When I've seen them in stores they seem pretty pricey.


----------



## WiJosh (Apr 2, 2008)

does anyone have any pictures of a stocked bowfront the could post or pm me? would be much appreciated


----------



## F8LBITEva (Nov 9, 2007)

dp


----------



## F8LBITEva (Nov 9, 2007)

here's my old 46G bow tank before I upgraded to my 75, now i wish I would have kept it for my plants and rainbowfish.


----------



## elroach (Oct 26, 2007)




----------



## lab911 (Jan 8, 2008)

46 Gal. Bow Front. I have changed the rocks to all lace rock and have added a lot more!


----------



## lab911 (Jan 8, 2008)

Here is a more recent pic. Like I said, a lot more lace rock has been added. Looking to add more live plants but they are hard to find. I love bow fronts. Like everyone else has said, it is different from your ordinary rectangle tanks. I am hoping to upgrade to a 72 bow front in a few months. The 46 is nice, but I want bigger!!


----------



## CichlidWhisperer (Apr 12, 2008)

Lab 911,

I love your rock... would love to learn more about how you set it up...

Carol


----------



## Jerseyfish (Apr 16, 2008)

29gal bowfront (discus)










72gal bowfront (community w/angels and dwarfs)










I personally like the large bowfront, because its a more attractive piece of furnature, and the frontal bow is subtle enough to not really obscure viewing. The 29gal bowfront is a pain, because the back left and right bottom corners are nearly impossible to see accuratly unless the tank is bare, due to the more noticable bend in the front glass. I'm hoping to get a replacement for it in the future.


----------



## nick a (Apr 9, 2004)

They _are_ more like a piece of furniture or an accent to a room. This 72 is in our dining room and the arc fits perfectly with the walking pattern from kitchen to dining to hallway for bedrooms & bath. The corners of a rectangular 75 in the same location would be much more of an obstacle and not flow anywhere near as smoothly.
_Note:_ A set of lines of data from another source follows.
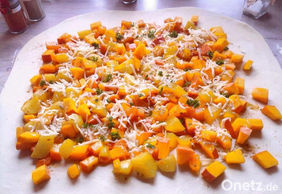 Den Kürbis und die Kartoffel in etwa 1 Zentimeter große Würfel schneiden. Den Feta-Käse zerbröseln. Mit allen weiteren Zutaten der Füllung verrühren und nach Belieben mit Muskat, Ingwer, Chili, Salz und Pfeffer abschmecken.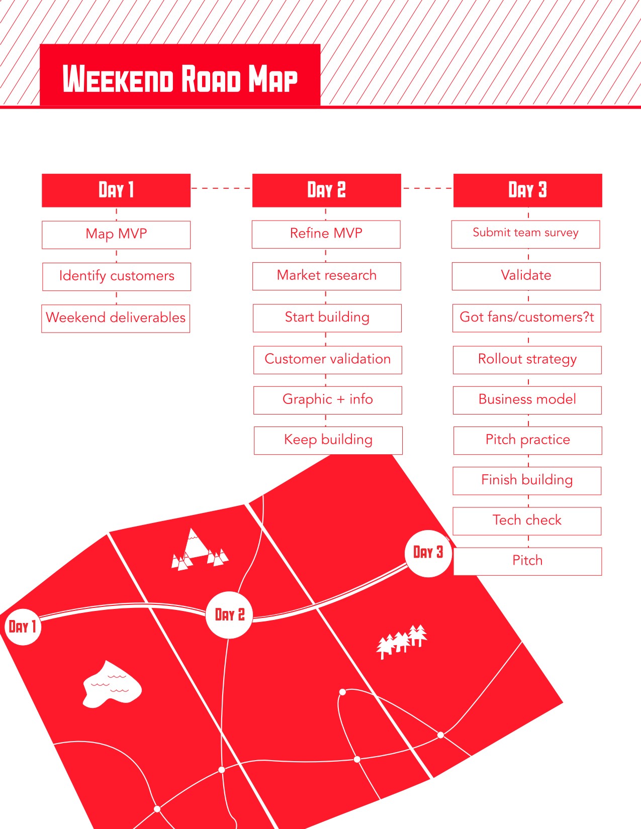 Za jediný víkend stihneš v sebe objaviť svoje limity, získaš nové príležitosti, nadobudneš cenné skúsenosti a zažiješ atmosféru skutočnej tímovej práce. Podujatie sa začína v piatok večer úvodným warm-upom a zoznámením sa s účastníkmi, odborníkmi z praxe a porotou. Následne idea makeri predstavia svoje nápady a vzápätí vytvoria tímy, s ktorými sa pustíš do trojdňovej výzvy – od tvorby odchodného modelu cez prototypovanie, až po obhájenie projektu na trhu.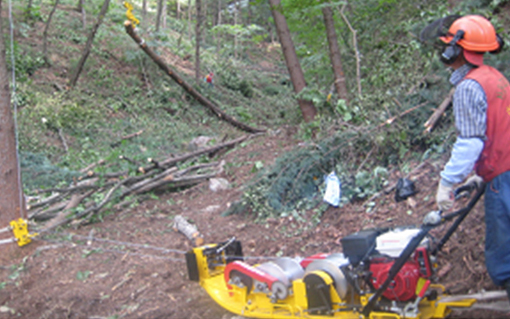 대회에 사용되는 2드럼 케이블윈치는 현장의 임업기능인이 직접 개발한 기계로 대형집재 장비와는 달리 소음과 진동은 작고 출력은 큰 우수 장비다. 집재능력(15㎥/일/3인)도 좋아 인력작업에 비해 6배나 생산성이 높다. 100m 거리 내 목재를 수집할 때 유용하고 대형 집재장비의 보조장비로 활용해 작업의 효율을 높일 수 있다.

The arc also gives you (especially when viewed from an angle -like pic#2) an illusion of MUCH more than 48". For me, the BFs are perfect for stand alone tanks---don't blend well with groups of boxes etc... They are also the perfect application for canister filters --which only require an inch or so clearance behind the tank to the wall. I've been moving all my tanks out to my new fishroom---this one HAS to stay in the dining room (my wife suprised the #&!! out me when she told me that!).
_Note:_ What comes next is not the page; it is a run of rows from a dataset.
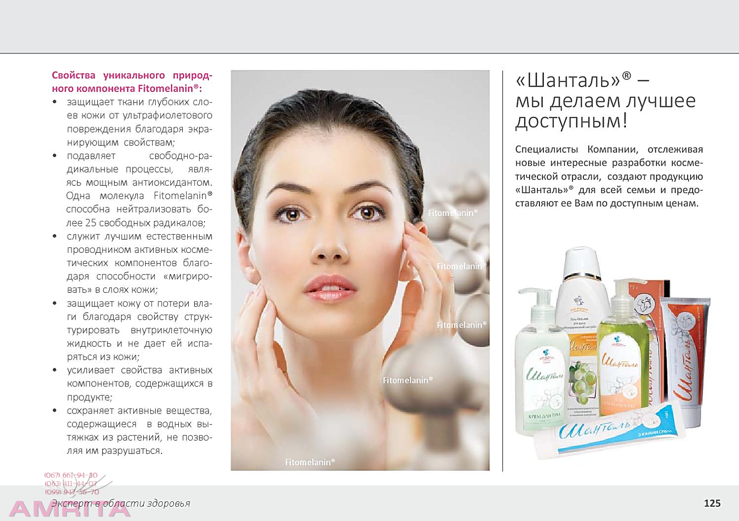 -"Ноу-Хао"- продукции марки "Амрита"- это "фитомеланин"- основа косметической продукции- полученный с березового гриба "Чага". - "Фитомеланин" способен: оказывать фото- и радио протекторное действие. Эффективно защищает кожу от повреждающего воздействия УФ-лучей разной длины волны - А, В, С. Антиоксидант и цитопротектор.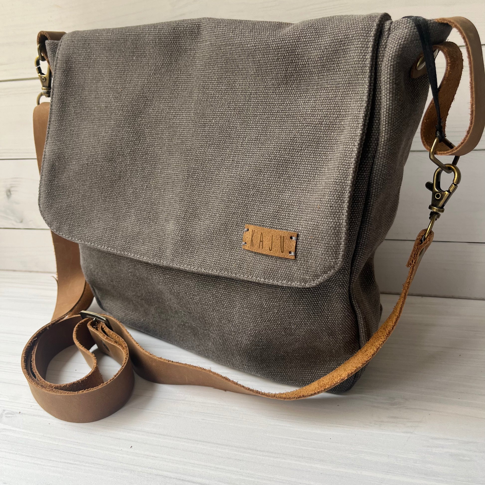 AGNES es una cartera con tapa multifuncional, mediana, de algodón y forrada. bolsillo Y pieza interior con mosquetón para las llaves y un broche imán para cerrar. Con su tirante de cuero ajustable, es perfecta para tu día a día.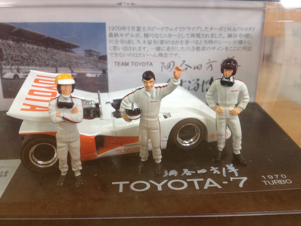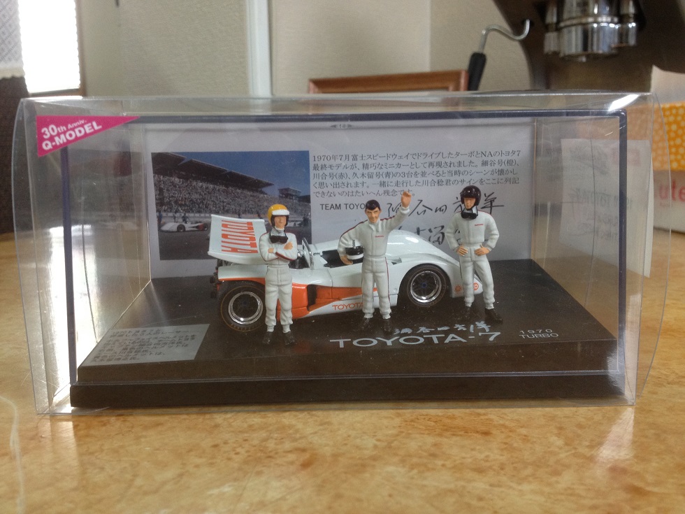 以前から 完成度が高いモデルカーを販売されており やはり 細谷 四方洋 さまが監修されているため 特にスピードトライアルモデルは どのモデルカーよりも良く出来ております「Qモデル」さまが 新作として「トヨタ7とチームトヨタの3名のドライバー様を組み合わせたモデル」を新発売される事になり 同じく このモデルも 細谷 四方洋 さまが監修されているため メーカー様より 2個いただけたとの事で 希少な一個にサインを入れてプレゼントしていただけました。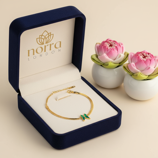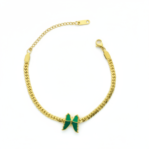 Embrace elegance and natural beauty with the Gilded Butterfly Bracelet. Featuring a delicately crafted gilded butterfly charm set with verdant enamel detailing, this bracelet is a celebration of grace and transformation.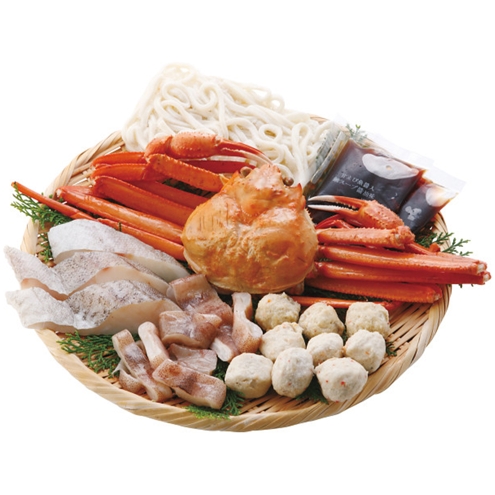 内容:ボイル紅ズワイガニ(姿)380g(紅ズワイガニ:北海道産)、助宗鱈切身40g(スケソウダラ:北海道産)×3切(するめいかカット100g、かに入りつみれ3個、えび入つみれ3個、とりごぼうつみれ3個、うどん250g(国内製造)、えび魚醤油入たれ50ml×2袋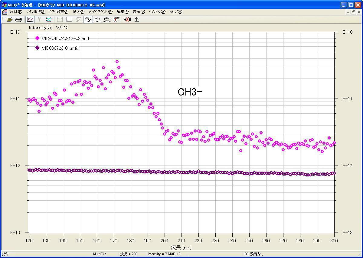 この実験は、光脱離分析装置の得意分野「有機物上の有機物の分析」を実証するために行いました。例として、PET上のオイルによる汚染を分析しています。 下図はPETの室温時の光脱離データです。
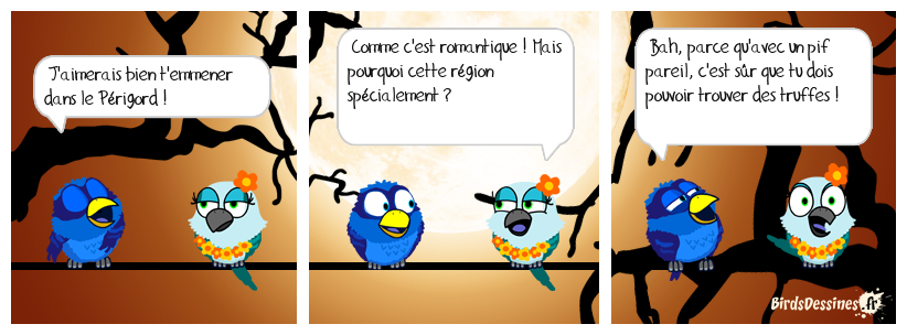 Case 1:Bird 1: J'aimerais bien t'emmener dans le Périgord ! | Case 2: Bird 1: Comme c'est romantique ! Mais pourquoi cette région spécialement ? | Case 3: Bird 1: Bah, parce qu'avec un pif pareil, c'est sûr que tu dois pouvoir trouver des truffes !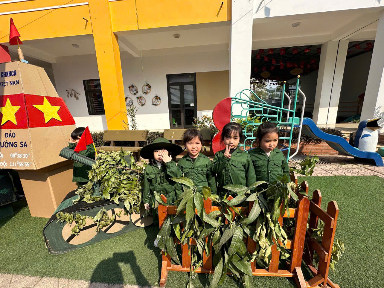 Hôm nay là một ngày đặc biệt và đầy tự hào! Hòa chung không khí kỷ niệm 80 năm ngày thành lập Quân đội Nhân dân Việt Nam (22/12/1944 - 22/12/2024), 35 năm Ngày hội Quốc Phòng toàn dân (22/12/1989 - 22/12/2024) các bé lớp MGN B1 đã được tham gia chương trình “Chiến sĩ tý hon” Đây là dịp để các bé được trải nghiệm, phát triển thể lực trẻ khỏe mạnh; rèn luyện tư thế vận động cơ bản, phát triển các tố chất nhanh nhẹn, khéo léo, mềm dẻo của một người lính cụ Hồ Qua các hoạt động này, các em sẽ hiểu thêm về sự vất vả và lòng dũng cảm của các chiến sĩ bảo vệ đất nước. Đồng thời giúp các bé có những kiến thức, kĩ năng, hiểu biết về các chú bộ đội, hun đúc tình yêu lòng biết ơn và ước mơ trở thành các cô chú bộ đội

The downsides that I can think of are;
A) picture taking is quite a bit more challenging than a flat glass tank (unless you have some fancy flash equipment).
B) DIY stands/canopys require a higher level of skill than box type tanks.


----------



## mrlimpet (Oct 27, 2004)

wow, some beautiful tanks there!
i agree with all that's been said. here are my bowfronts for a few more ideas...

46G tanganyikan tank...










72G SA community tank...


----------



## boostspike (Apr 3, 2007)

Nighthawk said:


> I don't know what it is about them but I don't like them. I prefer the old fashioned rectangular glass box.


same here... infact, the curve in the glass give me a headache. :? . My wife has (2) 46g bowfront tanks for her goldfishes.. my head hurts when walking by it..


----------



## xenergyx (Feb 4, 2008)

what about a surfline tank? I've yet to see pics of one of those set up....


----------



## fishyfishyfishy (Dec 24, 2005)

see my TANKS below or YOUR TANKS for pics of my 450g bowfront along with lots of rock stacked high as well...


----------



## lab911 (Jan 8, 2008)

CichlidWhisperer---I just buy what I think will stack together. Lace Rock is like working with a heavy puzzle. I keep stacking and re-stacking until I get the perfect fit. Some of the rocks are standing straight up while others are stacked horizontally. They all have nice little niches so once you find the two pieces that fit together nicely then you can just continue to add to it. I do have slate as my base rock so the cichlids can not dig under the lace rock and cause it to topple over. I first lay out all of my rock and piece them all together like below and then I try to duplicate it in my tank. I do not use silicone. I want to have the freedom to rearrange the tank as I add more fish or if I get a bigger tank.


----------